Сознавал ли сам Антон Павлович в глубине души свое положение? Ольга Леонардовна в предисловии к изданным его письмам пишет: «Точно судьба решила его побаловать и дала ему в последний год жизни все те радости, которыми он дорожил: и Москву, и зиму, и постановку «Вишневого сада», и людей, которых он любил» 29. Все это и сам Чехов неоднократно говорил: как он любит Москву и все московское, как скучает по северной зиме, как близок стал ему Художественный театр и как тянет его к московским людям и обстановке.
И однако, по-видимому, и в Москве бывали у него знакомые мне по Ялте настроения. Так, старый друг чеховской семьи, прекрасно всех их знавшая Т. Л. Щепкина- Куперник в своих воспоминаниях описывает свое посещение, относящееся к осени 1902 года: «Я изумилась происшедшей в нем переменой... Он горбился, зябко кутался в какой-то плед и то и дело подносил к губам баночку для оплевывания мокроты... В этот вечер Ольга Леонардовна участвовала в каком-то концерте. За ней приехал корректный Вл. Ив. Немирович, во фраке с безупречным пластроном. Ольга Леонардовна вышла в нарядном туалете, повеяло тонкими духами. Ласково и нежно простилась с Антоном Павловичем, сказала ему какую-то шутливую фразу, чтобы он «не скучал и был умником», и исчезла. Антон Павлович поглядел ей вслед, сильно закашлялся и долго кашлял, и когда прошел приступ кашля, сказал без всякой видимой связи с нашим разговором, весело вертевшимся около воспоминаний прошлого, общих знакомых и проч.
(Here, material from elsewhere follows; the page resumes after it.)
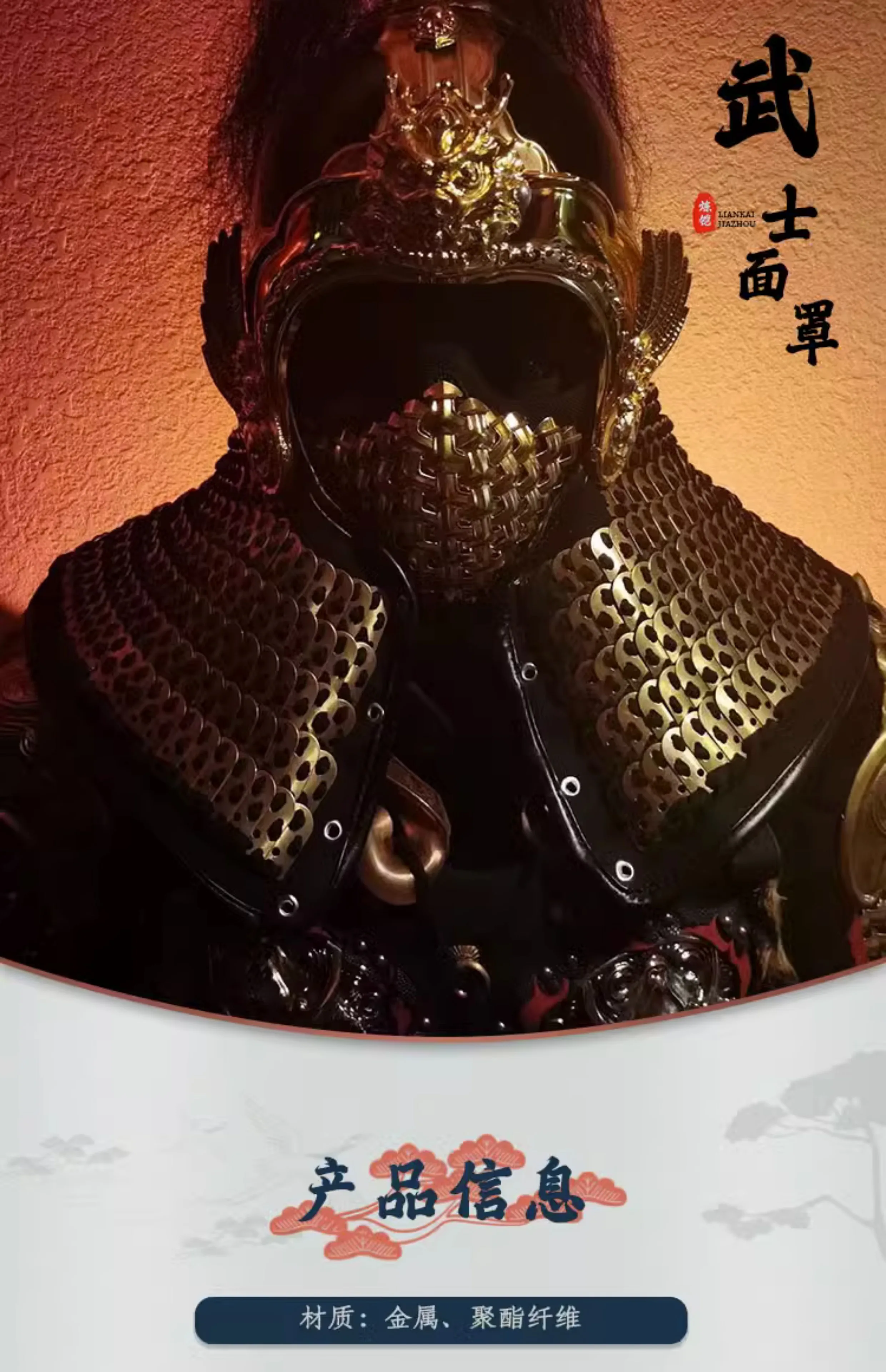 Boquilla de máscara samurái, accesorios de Cosplay Hanfu, armadura china, armadura bloqueada

— Да, кума, помирать пора...»
17 января премьера «Вишневого сада» и чествование Чехова Москвой, а он с трудом стоит на сцене, мертвенно- бледный и кашляет. В середине февраля он вернулся в Ялту в значительно худшем состоянии, но полный еще московских впечатлений. Оживленно рассказывал про чествование, показывал поднесенные ему подарки и комически жаловался, что кто-то, должно быть, нарочно, чтобы ему досадить, распустил слух о том, что он любитель древностей, а он их терпеть не может. Среди подношений действительно были модель древнего русского городка, старинный ларчик и, между прочим, чернильница XVIII века. На мое замечание, что все это очень красиво и что мне особенно нравится чернильница, он ответил: «Да что вы, ведь теперь песочком не посыпают, есть пропускная бумага, и гусиных перьев же нет». Потом со своей милой улыбкой прибавил: «Ну вот, если вам очень нравится, я распоряжусь, чтобы в наказание вам эту чернильницу после моей смерти и вручили». Как он ни был плох, я тогда все-таки не мог думать, что чернильница уже меньше чем через полгода действительно перейдет ко мне. Он пробыл в Ялте до конца апреля, временами оживлялся, строил планы на будущее, мечтал засесть за работу, говоря, что в голове много уже созрело. Собирался, если поправится, с наступлением тепла поехать на войну, из-за которой очень волновался, врачом, так как врач может больше видеть 30 Но чаще бывал молчалив, сосредоточенно задумчив, и он, никогда раньше не жаловавшийся на здоровье, говорил, что устал, что хочется по-настоящему отдохнуть, набраться сил. Он чувствовал необходимость в покое, но в самом конце апреля он уехал в Москву. В дороге простудился, получил резкое обострение, плеврит с необыкновенно для него высокой температурой и немедленно по приезде слег, и встал только, чтобы поехать в Баденвей- лер.